• Your objective: Repeat, line for line, only the span that opens at the "Air Tray Dryer" line and closes at the final line below. Skip the pictures.

[Collected data entries]
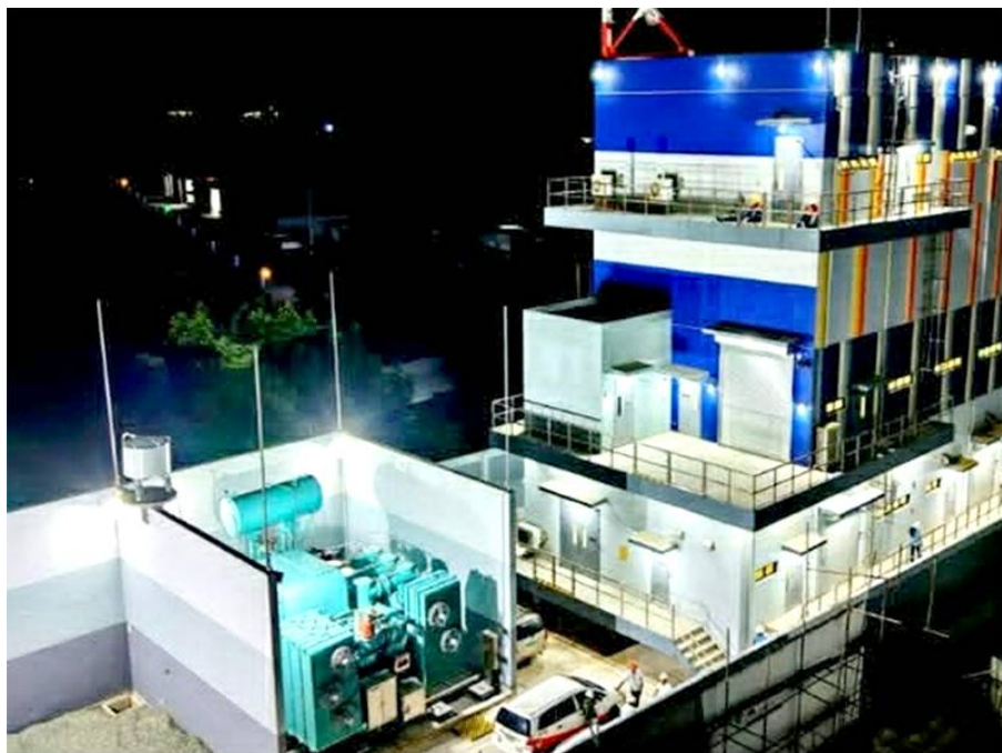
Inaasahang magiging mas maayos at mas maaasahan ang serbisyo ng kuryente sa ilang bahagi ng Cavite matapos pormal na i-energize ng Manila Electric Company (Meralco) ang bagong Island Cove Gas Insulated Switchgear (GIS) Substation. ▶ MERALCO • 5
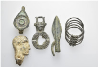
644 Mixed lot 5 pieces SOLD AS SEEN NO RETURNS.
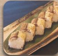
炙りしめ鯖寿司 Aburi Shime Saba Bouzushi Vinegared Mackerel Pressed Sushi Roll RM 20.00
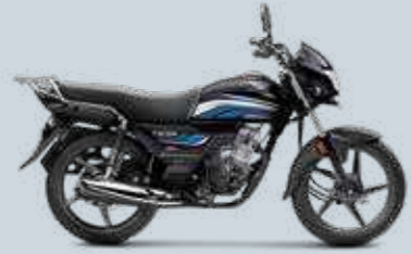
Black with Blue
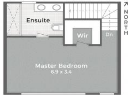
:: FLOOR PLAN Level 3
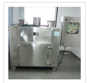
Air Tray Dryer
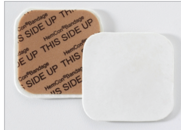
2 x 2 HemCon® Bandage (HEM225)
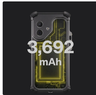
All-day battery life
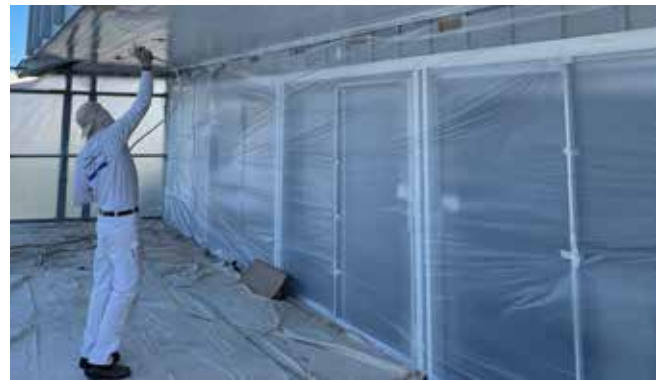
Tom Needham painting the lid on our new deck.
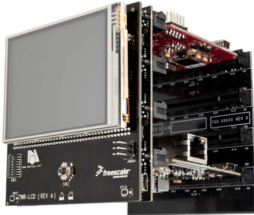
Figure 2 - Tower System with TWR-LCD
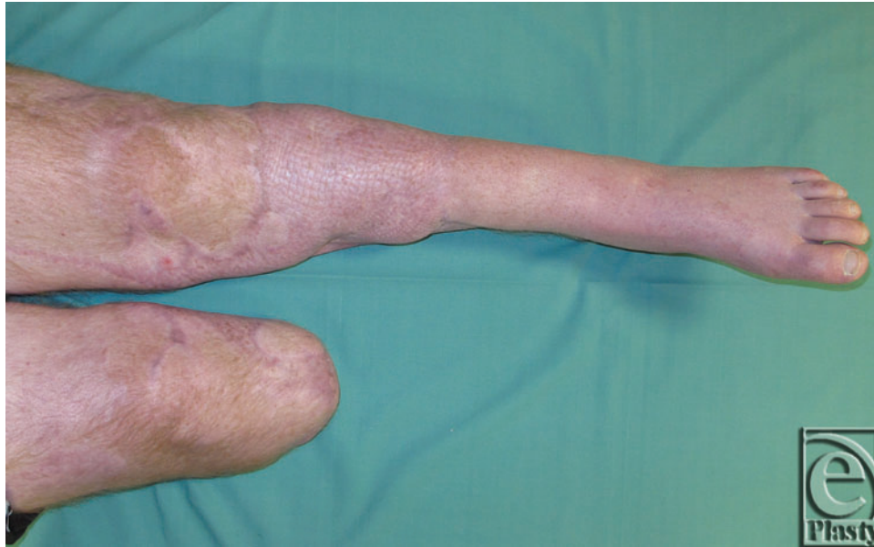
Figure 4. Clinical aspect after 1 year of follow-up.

• Solution to the problem:
Air Tray Dryer
2 x 2 HemCon® Bandage (HEM225)
All-day battery life
Tom Needham painting the lid on our new deck.
Figure 2 - Tower System with TWR-LCD
Figure 4. Clinical aspect after 1 year of follow-up.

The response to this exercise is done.